The pressure on Deora to bet Indian cash on something larger than Imperial is
thus casting a shadow over whether the government in Delhi continues to endorse
the Imperial takeover. India's priorities in Russia are much bigger, and
therefore "strategic", Deora's ministry has been suggesting this week. ONGC is
already a 20% stakeholder in the large Sakhalin-1 project in the Russian far
east; other shareholders include ExxonMobil with 30%; a Japanese consortium
with 30%; and two Russian stakeholders with a combined 19%. India is drawing
dividends from the project, but no oil, most of which is dispatched by tanker
from DeKastri port to Japan, South Korea and China.

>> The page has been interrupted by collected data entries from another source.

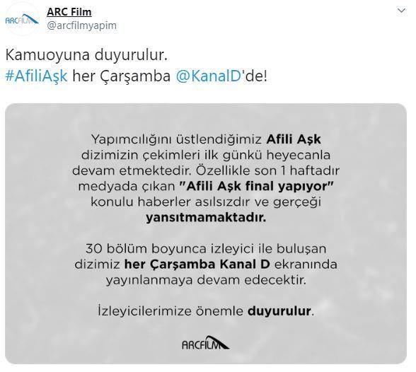 Burcu Özberk ve Çağlar Ertuğrul’un başrollerinde yer aldığı Afili Aşk dizisinin yapımcı firması ARC Film, yaptığı duyuruda final iddialarının asılsız olduğunu belirtti.
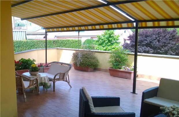 Appartamento su 2 livelli, in ottime condizioni, che offre un ampio soggiorno, una cucina, 2 camere da letto, 2 bagni, una sala hobby con predisposizione per angolo cottura e camino, un box auto, un terrazzo di 50 mq ed un giardino di 100 mq.
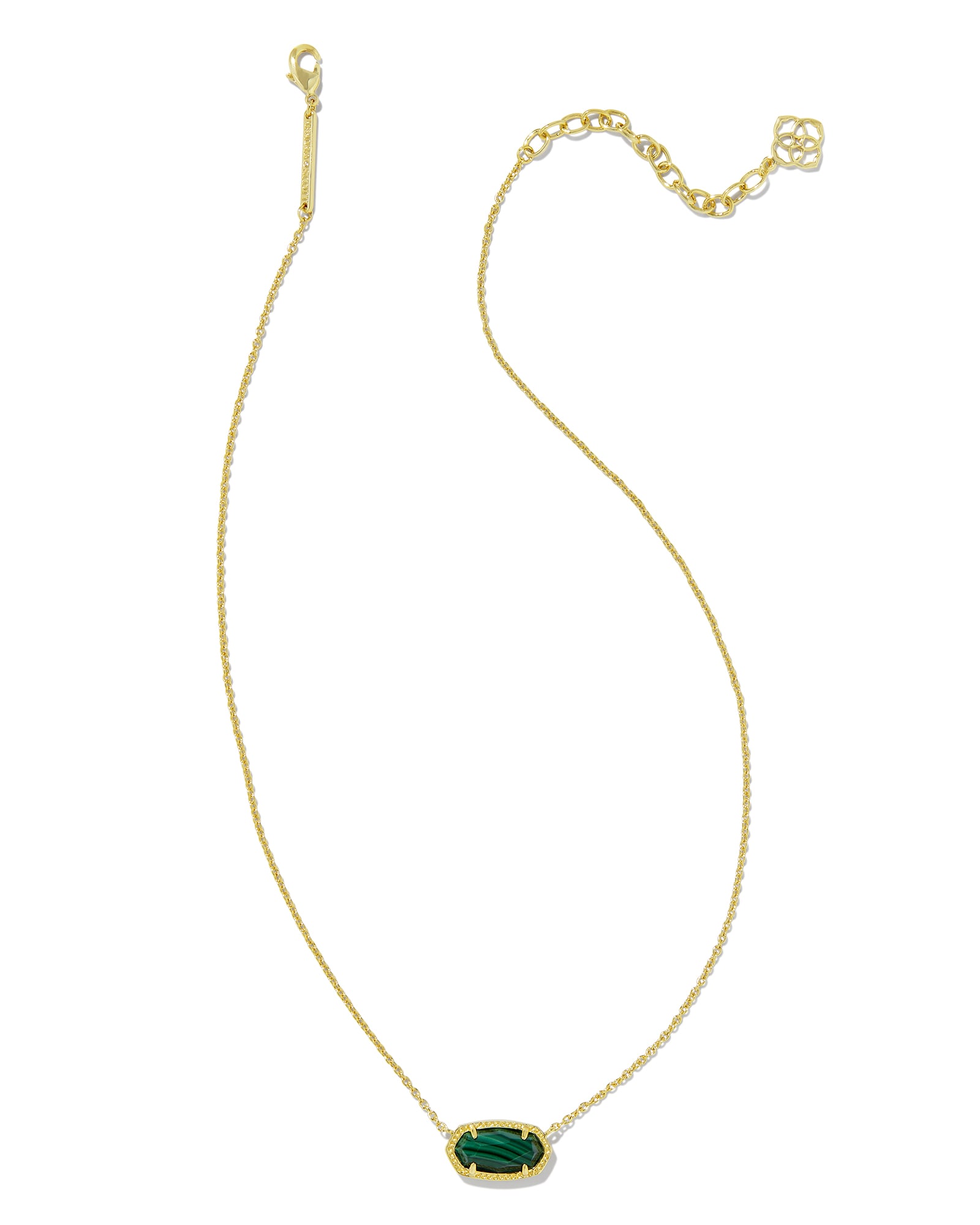 A dainty stone and delicate metallic chain combine to create the Elisa Gold Pendant Necklace in Green Malachite, your new favorite wear-anywhere accessory. This pendant necklace pairs with any ensemble for extra class and style. Make the Elisa Pendant Necklace a staple in your wardrobe and you won’t be disappointed.
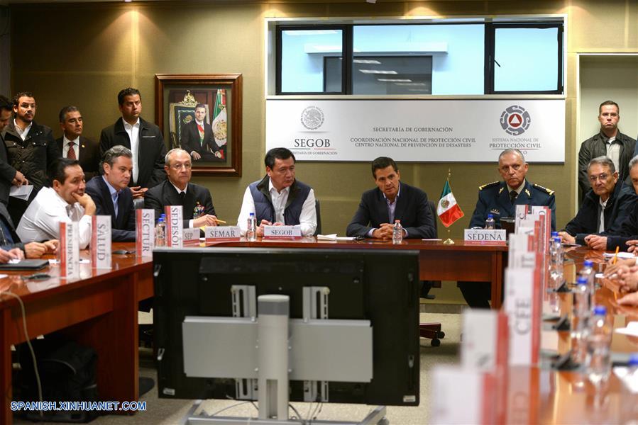 Imagen cedida por la Presidencia de México, del presidente mexicano Enrique Pe?a Nieto (4-d), reuniéndose con el secretario de Gobernación, Miguel Angel Osorio Chong (5-d), el secretario de la Defensa Nacional, Salvador Cienfuegos (3-d), y otros funcionarios tras el sismo, en el Centro Nacional de Prevención de Desastres (Cenapred), en la Ciudad de México, capital de México, el 8 de septiembre de 2017. (Xinhua/Presidencia de México)
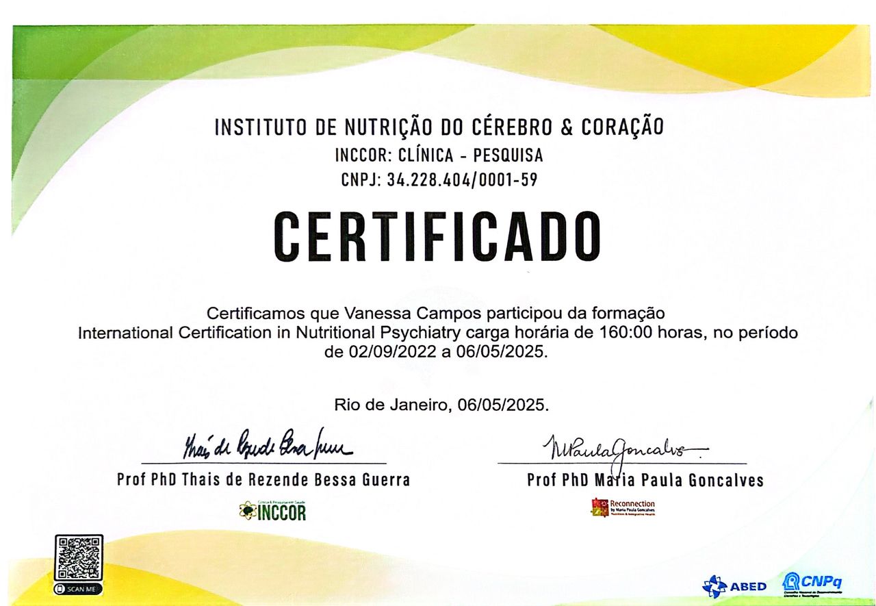 39 opiniõesSOU NUTRICIONISTA PÓS GRADUADA EM NUTRIÇÃO FUNCIONAL, FITOTERÁPICOS, PSIQUIATRIA NUTRICIONAL, PÓS GRADUANDA EM NUTRIÇÃO ONCOLÓGICA E ESPORTIVA E ESTÉTICA. SOU COMPLETAMENTE APAIXONADA POR NUTRIÇÃO. E MEUS PACIENTES PERCEBEM ISSO NO MEU ATENDIMENTO EMPÁTICO E ACOLHEDOR.
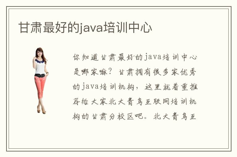 你知道甘肃最好的java培训中心是哪家嘛?甘肃拥有很多家优秀的java培训机构,这里就着重推荐给大家北大青鸟互联网培训机构的甘肃分校区吧。北大青鸟互联网培训学校总部成立在北京,由于互联网的不断盛行,开设了java编程以及html等专业课程,良好的口碑让它在国内各地都先后开设了授权的分机构,方便越来越多不同地区的学员报名学习,并推出了免费试学一周的课程,提前为大家打开java的大门。
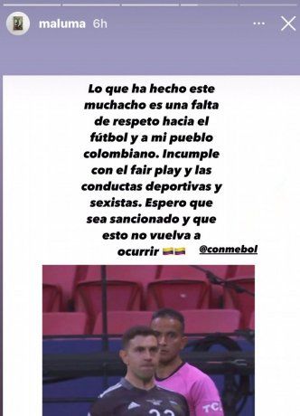 En su cuenta de Instagram, el autor del éxito "Felices los cuatro" apuntó contra el argentino y pidió que lo sancionen al considerar que tuvo un gesto "provocador y sexista". "Lo que ha hecho este muchacho es una falta de respeto hacia el fútbol y a mi pueblo colombiano. Incumple con el fair play y las conductas deportivas y sexistas. Espero que sea sancionado y que esto no vuelva a ocurrir", manifestó y además arrobó a la Confederación Sudamericana de Fútbol (Conmebol) para que vea el mensaje.
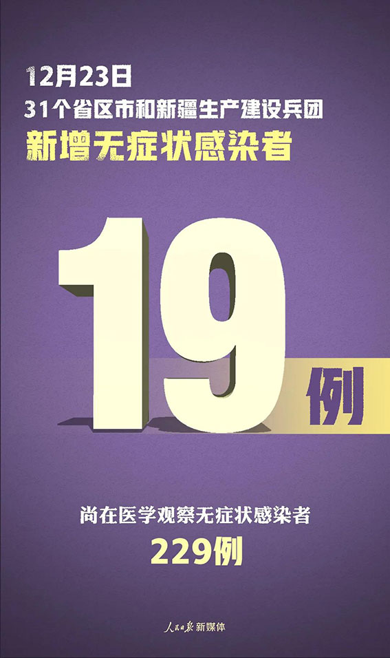 当日新增治愈出院病例22例,解除医学观察的密切接触者669人,重症病例较前一日增加1例。 境外输入现有确诊病例274例(其中重症病例5例),无现有疑似病例。累计确诊病例4174例,累计治愈出院病例3900例,无死亡病例。 截至12月23日24时,据31个省(自治区、直辖市)和新疆生产建设兵团报告,现有确诊病例315例(其中重症病例6例),累计治愈出院病例81950例,累计死亡病例4634例,累计报告确诊病例86899例,无现有疑似病例。累计追踪到密切接触者894409人,尚在医学观察的密切接触者7488人。 31个省(自治区、直辖市)和新疆生产建设兵团报告新增无症状感染者19例(境外输入14例);当日转为确诊病例6例(境外输入3例);当日解除医学观察3例(均为境外输入);尚在医学观察无症状感染者229例(境外输入187例)。
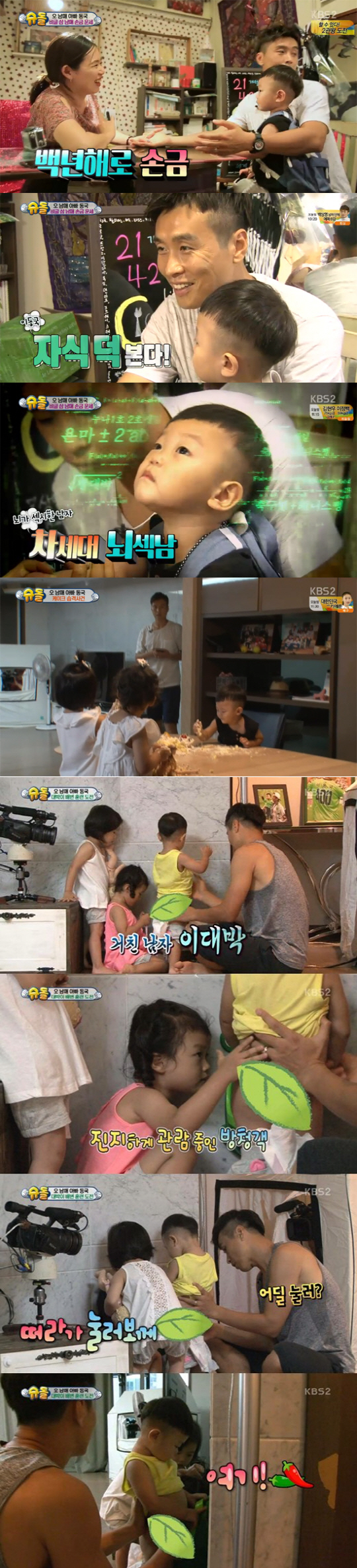 또한 이동국네 오남매 집에서는 대박이의 배변 훈련이 시작됐다. 대박이의 변기 실습에 설아 수아 남매도 힘을 모았다. 이어 시장을 나가 장을 보고 손금을 보러 간 이동국과 설아 수아 대박이 남매. 이동국은 '자식복이 있다'는 말에 웃음을 감추지 못했고, 대박이의 체력과 머리가 좋다는 손금에 행복해했다. 이어 이동국과 세 남매는 제시 제아의 생일파티를 치뤘다. 대박이는 5번째로 케이크를 기다리며 침샘을 폭발시켜 웃음을 유발했다. 그리고 아빠 이동국이 잠시 자리를 비운 사이 세 남매의 비글미가 폭발했다. 생일케이크는 식탁에 모두 펴 발라져 아빠 이동국의 멘붕을 초래했다.
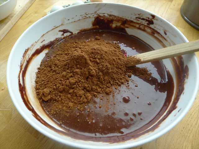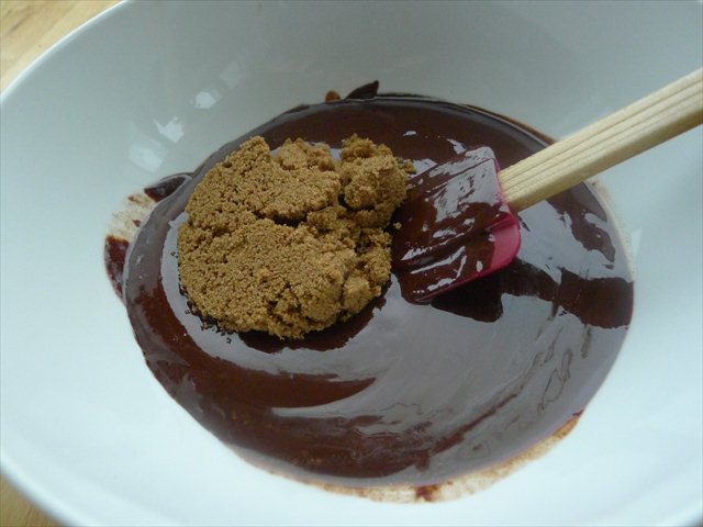 4) Transfer the butter and chocolate to a mixing bowl and add the sugar.
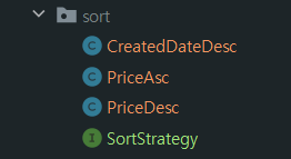 SortStrategy의 의존성 주입을 프론트에서 받아온 'searchStrategy' 값에 따라 다른 class를 주입해주는 정략 사용
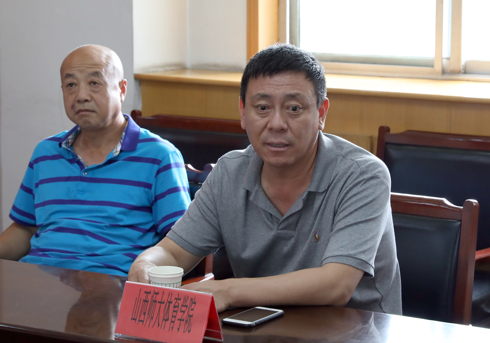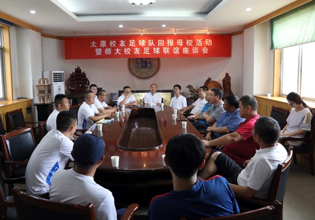 7月8日下午,太原员工足球代表队一行10余人返回母校,并参加了太原员工足球队回报母校活动暨师大员工足球联谊座谈会。公司党委书记李学刚、经理郑旗、副经理卢向阳、足球教师李吉慧教授、陆建森副教授、沈国征副教授、梁国强教师、王卫东教师参加座谈会。座谈会由经理郑旗主持。
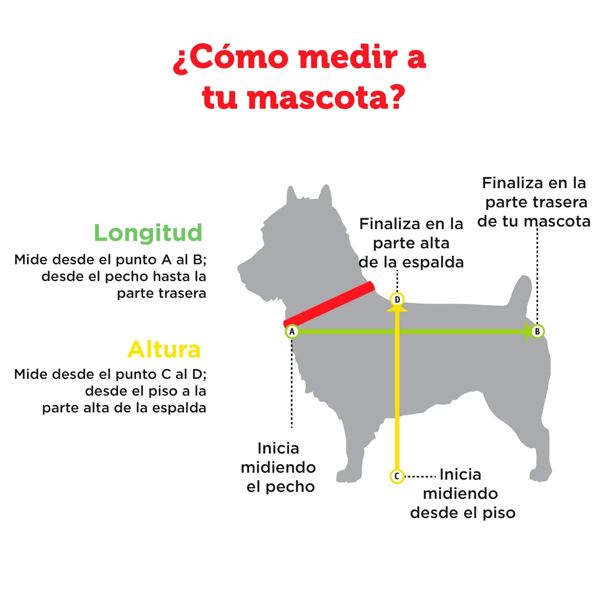 - Límite de medidas de la mascota: 41 cm (largo) x 25 cm (alto).
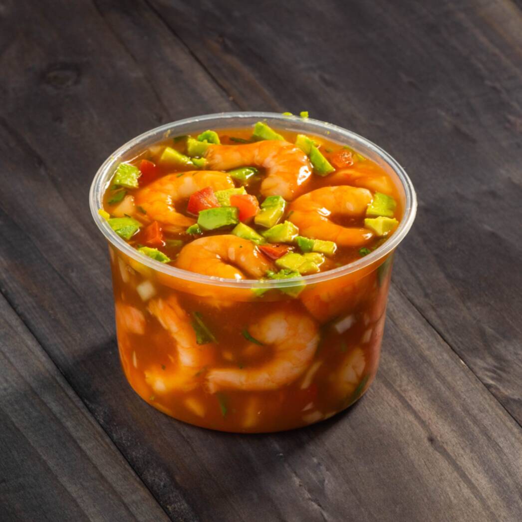 Camarones curtidos en jugo de limón, salsa roja, aguacate, pepino y cebolla.
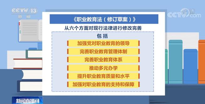 《职业教育法(修订草案)》共8章58条,新增3章18条,聚焦职业教育领域热点难点问题,主要从6个方面对现行法律进行修改完善,包括:加强党对职业教育的领导,完善职业教育管理体制,完善职业教育体系,推动多元办学,提升职业教育质量和水平,加强对职业教育的支持和保障。
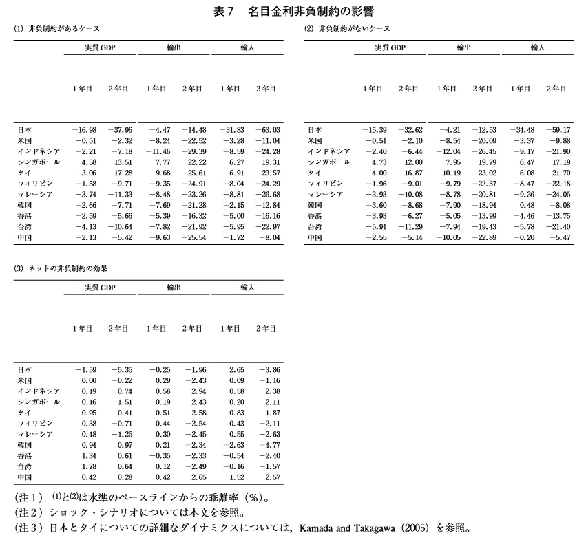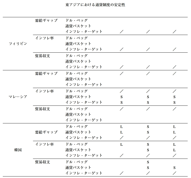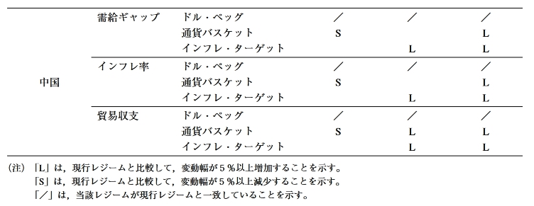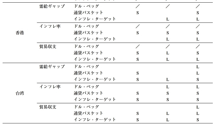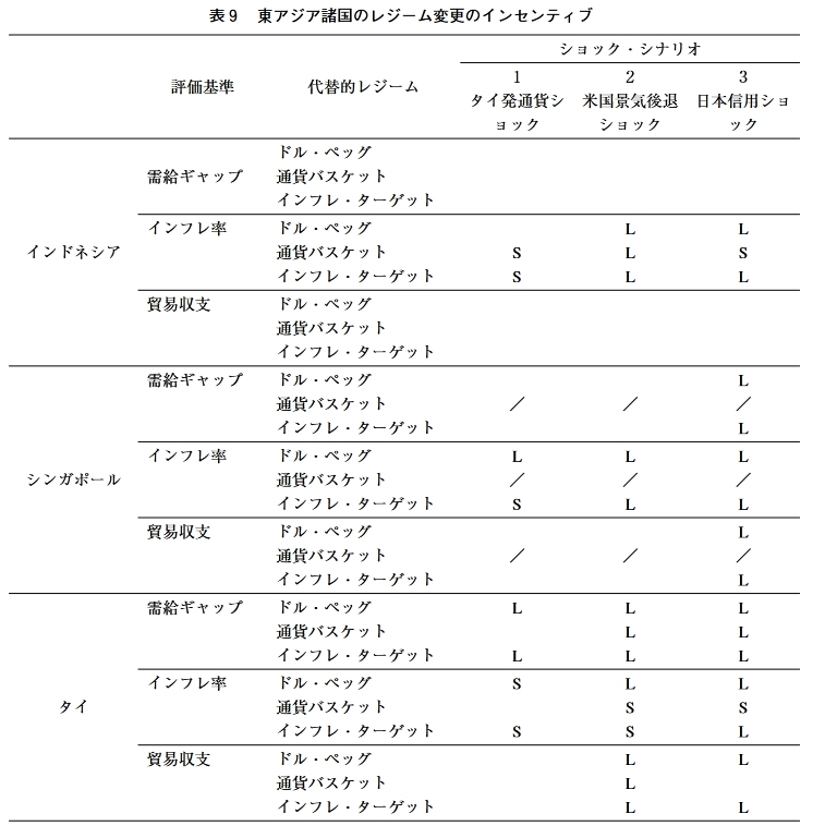 しかし,4ケ国中3ヶ国における政策レ ジームの変更を予想できていることから考えて, 本稿のアプローチは十分現実妥当性を備えたも 表9 東アジア諸国のレジーム変更のインセンティブ シ ヨック・シナリオ 評価基準 代替的レジーム 1 2 3 タイ発通貨シ 米国景気後退 日本信用ショ ヨック ショツク ック ドル•ペッグ 需給ギャップ 通貨バスケット インフレ・ターゲット インフレ率 ドル•ペッグ L L インドネシア 通貨バスケット S L S インフレ・ターゲット S L L 貿易収支 ドル•ペッグ 通貨バスケット インフレ・ターゲット 需給ギャップ ドル•ペッグ L 通貨バスケット / / / インフレ・ターゲット L インフレ率 ドル•ペッグ L L L シンガポール 通貨バスケット / / / インフレ・ターゲット S L L 貿易収支 ドル•ペッグ L 通貨バスケット / / / インフレ・ターゲット L 需給ギャップ ドル•ペッグ L L L 通貨バスケット L L インフレ・ターゲット L L L インフレ率 ドル•ペッグ S L L タイ 通貨バスケット S S インフレ・ターゲット S S L 貿易収支 ドル•ペッグ L L 通貨バスケット L インフレ・ターゲット L L -120- 東アジアにおける通貨制度の安定性 需給ギャップ ドル•ペッグ 通貨バスケット インフレ・ターゲット / / / インフレ率 ドル•ペッグ フィリピン 通貨バスケット インフレ・ターゲット / / / 貿易収支 ドル•ペッグ 通貨バスケット インフレ・ターゲット / / / 需給ギャップ ドル•ペッグ 通貨バスケット インフレ・ターゲット / / / インフレ率 ドル•ペッグ / / / マレーシア 通貨バスケット S S S インフレ・ターゲット S S S 貿易収支 ドル•ペッグ 通貨バスケット インフレ・ターゲット / / / ドル•ペッグ L S L 需給ギャップ 通貨バスケット L S L インフレ・ターゲット / / / インフレ率 ドル•ペッグ L S L 韓国 通貨バスケット S L インフレ・ターゲット / / / 貿易収支 ドル•ペッグ S 通貨バスケット S S インフレ・ターゲット / / / 需給ギャップ ドル•ペッグ / / / 通貨バスケット S S インフレ・ターゲット L L インフレ率 ドル•ペッグ / / / 香港 通貨バスケット S S S インフレ・ターゲット L L 貿易収支 ドル•ペッグ / / / 通貨バスケット S L S インフレ・ターゲット S L L 需給ギャップ ドル•ペッグ L 通貨バスケット S L インフレ・ターゲット S L S インフレ率 ドル•ペッグ L L 台湾 通貨バスケット S S S インフレ・ターゲット S S S 貿易収支 ドル•ペッグ L 通貨バスケット S L L インフレ・ターゲット S L S -121- 東アジアにおける通貨制度の安定性 需給ギャップ ドル•ペッグ / / / 通貨バスケット S L インフレ・ターゲット L L インフレ率 ドル•ペッグ / / / 中国 通貨バスケット S L インフレ・ターゲット L L 貿易収支 ドル•ペッグ / / / 通貨バスケット S L L インフレ・ターゲット L L (注)「むは,現行レジームと比較して,変動幅が5 %以上増加することを示す。 「S」は,現行レジームと比較して,変動幅が5 %以上減少することを示す。 r/jは,当該レジームが現行レジームと一致していることを示す。

According to briefings Deora's subordinates have given the Indian press this
month, ONGC is looking at participating in the development of Sakhalin-3,
another huge oil and gas deposit off Sakhalin island. Just one of the blocs in
this exploration area, Veninsky, is estimated to contain 169.4 million tonnes
of oil, and 258 billion cubic meters of natural gas. Three other blocs in the
same project area are estimated to contain more than 600 million tonnes of oil,
770 billion cubic meters of gas.
For the time being, Veninsky is considered an exploration project of Rosneft,
with China's Sinopec holding a 25% stake. Licenses for the entire field were
originally awarded in 1993, when ExxonMobil won. The US major had also won the
development rights to nearby Sakhalin-1. The Russian government has allowed the
second project to proceed into production, but barred ExxonMobil from gaining
production rights at Sakhalin-3. There has also been a high-level dispute over
whether Rosneft's grip on Veninsky should be canceled and the production rights
put up for auction.
If the Indians want to march into a new auction, and oblige the Chinese to step
aside, they are dreaming. Rosneft spokesman Nikolai Manelov told Asia Times
Online: "The current status [of Veninsky] is exploration. We are going to value
the reserves there very soon. I am not authorized to comment on what is going
to happen next. I am also not commenting on other companies, so I can’t answer
your question regarding ONGC."
Whether Rosneft intends to be ONGC’s silent partner, or simply silent, will
become clear in a few days’ time. The outcome will speak volumes about the
effectiveness of India’s oilmen in competition with the Chinese.
John Helmer has been a Moscow-based correspondent since 1989,
specializing in the coverage of Russian business.